The observation that an important result of the mentioned paradigm of axiological interpretation is the assumption that sometimes ‘how to interpret’ is less important than ‘what will be interpreted.’ Its presupposition is that legal values are not only generated by a lawmaker. There is also another problem that all of them are incorporated into a legal order through activities of law enforcement authorities (especially judges). As a result, what common people consider the law and if it contains some moral values, regardless of the activity of a lawmaker, is less important than what a judge or an administrative organ can do with the values and what is prohibited.

The non-axiological perspective is often presented as the axiological one. The effects of interpretation of texts with axiological context obtained with legal ways of reasoning, methods, or directives of statutory interpretation are presented as if they offered protection of fundamental values but in truth they are related to the non-axiological perspective with their assumption of the changeable nature of values. The best example is a legal rule which sounds like an oxymoron: the “right” to abortion, presented as a value which protects human dignity, or the rule that would order to remove the Cross from classrooms because of its status as a religious symbol.

It must be stated that the non-axiological interpretation (as part of the non-axiological jurisprudence) does not provide an effective protection against totally amoral legal rules.

In order not to stir up unnecessary emotions with contemporary examples, it is worth looking at known examples from history. Two well-known rules from the law of the Third Reich, one from The Law for the Prevention of Hereditarily Diseased Offspring and the other from the Citizenship Law[25]:

The Law for the Prevention of Hereditarily Diseased Offspring (1933):

● sterilization due to hereditary disease, including epilepsy, congenital deafness, alcoholism,

Reich Citizenship Law (1935):

● A citizen of the Reich is that subject only who is of German or kindred blood and who, through his conduct, shows that he is both desirous and fit to serve the German people and the Reich faithfully.

The Non-axiological Interpretation

The non-axiological interpretation leads to obvious paradoxes. Attempting to remove the axiological evaluation from legal interpretation can simply produce absolutely amoral effects of statutory interpretation or even justify legal rules whose literal meanings are in contradiction with the natural law, morality, the Christian axiology, etc. Despite Radbruch’s writing only about the second issue, i.e. contradiction between the positive and the natural law in the context of human dignity, nowadays we do not consider the existence of legal rules leading to clearly amoral rules a problem but ‘make a fuss about’ lack of methods of statutory interpretation which are connected with axiological contents.

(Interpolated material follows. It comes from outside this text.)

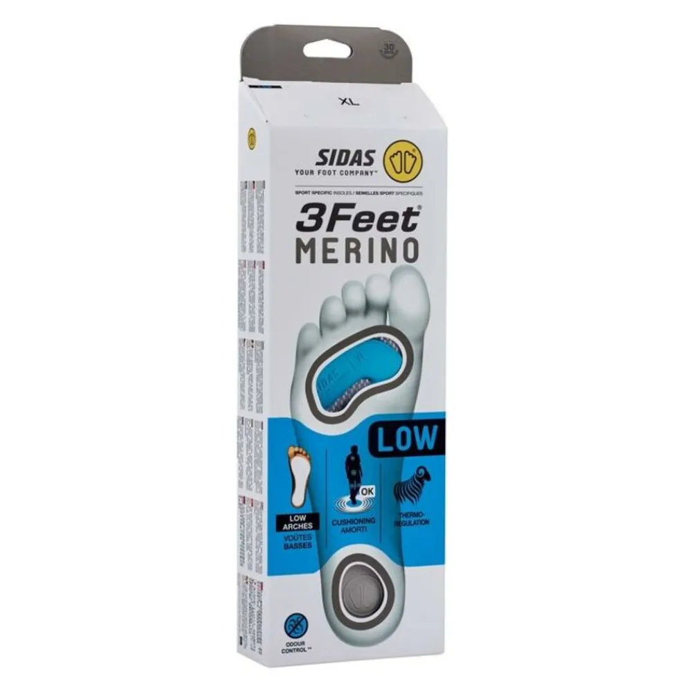 De Sidas 3 Feet Merino Low is een goed ondersteunende en comfortabele inlegzool, speciaal voor voeten met een gemiddelde voetboog. Deze zool is ook te krijgen voor een gemiddelde voetboog (3 Feet Merion Mid) en een hoge voetboog (3 Feet Merino High).

It can be observed when interpreting the literal meaning of legal rules from the German law of the Third Reich. Formal legal ways of reasoning, not taking the impact of values like human dignity, life, etc. into account, could lead to catastrophic results of statutory interpretation which are absolutely unacceptable from the point of view of moral evaluation. If we rely only on the descriptive approach to interpretation and exclude axiological content of the aforementioned rules from consideration, we can come to the conclusion that the meaning of the rules[26]:

● is only formal (since the rules have a clear meaning): they establish equal methods of evaluating facts. ‘Equal’ in this context means that different interpreters should be able to easily establish meaning of the rule stating who must do what (the legal semantics);
● respects (and so the lawmaker) the important rule of statutory law which is clarity of meaning. This is related to the previous question, i.e. the rules are mostly clear (according to literal meaning) and they fulfil the condition of correct editing from the legislative point of view[27];
● could offer certainty if applied for a longer period of time: the rules seem to pose no problems with the procedure of legal application, provided competent authorities take care of it.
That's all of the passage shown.